If we go by the written definitions, that the DataPoint is a cell of data, then the example should show that it is the container to hold age in years (43, as per example above), not the combination of social security number and age. There would be another DataPoint which would hold the social security number (1212123) for that Unit.

Within the diagram, DataPoint has Datum (value) related to it in three ways - as an identifier, an attribute, or an observation (although this should be measure, based on the name of the equivalent Data Structure Component). According to the cardinalities in the picture for these three relationships, a DataPoint MUSt have at least one identifier, MUST have at least one measure/observation, and may have one or moreattributes. This seems to give an indication that the DataPoint covers more than one 'cell' of data. The example also indicates that it is a combination of information - as the DataPoint includes both the age and the social security number for the unit.

Suggested Solution:

Proposal 1: We assume that the definitions of DataPoint, UnitDataPoint and Datum are correct, which means that the cardinalities between DataPoint and Datum are incorrect in Fig. 44?
Therefore, a DataPoint represents a single cell of data, and so the example has two DataPoints - one for age (43) and one for social security number (1212123).

or

Proposal 2: We assume that the definitions are incorrect, and the cardinalities in fig. 44 are correct.

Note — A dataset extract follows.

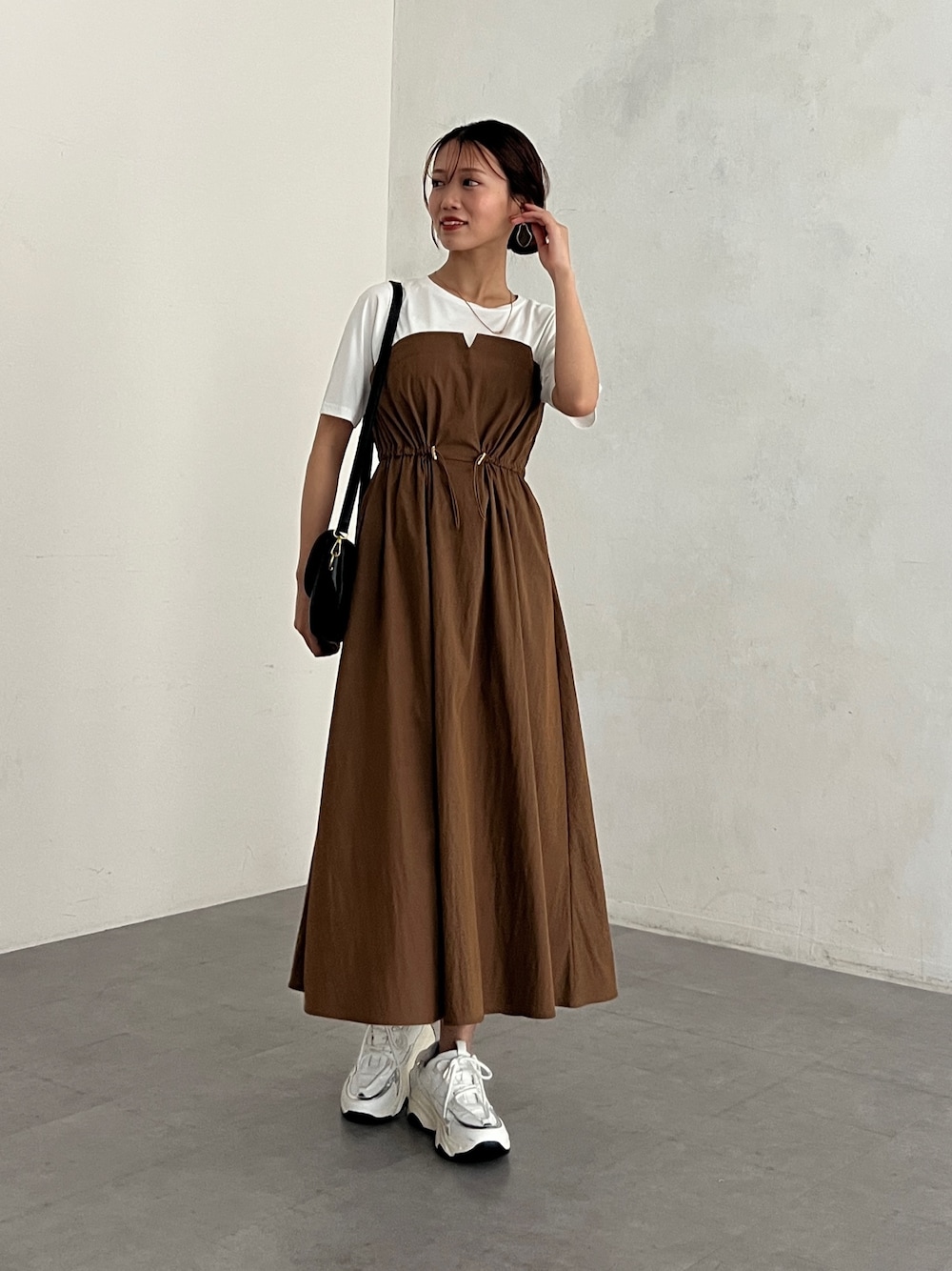 いたみかなこ(Chez toi)のワンピース「ビスチェ見えドッキングワンピース」を使ったコーディネート

Therefore, a DataPoint represents all the data for a single Unit (ie, it is the whole 'row' of data, including both the age (43) and the social security number (1212123) for the Unit.

 

Other Considerations:

  1. Is the information shown in fig. 44 only correct for dimensional data, and so is wrong in the case of unit data?
  2. A diagram showing the relationships and cardinalities betwee UnitDataPoint, UnitDataSet, UnitDataRecord and Datum would be helpful in clarifying things (ie, a combination of the information that is currently split betwee fig 44 and fig 45 in GSIM v1.0 (pages 240 and 250 respectively).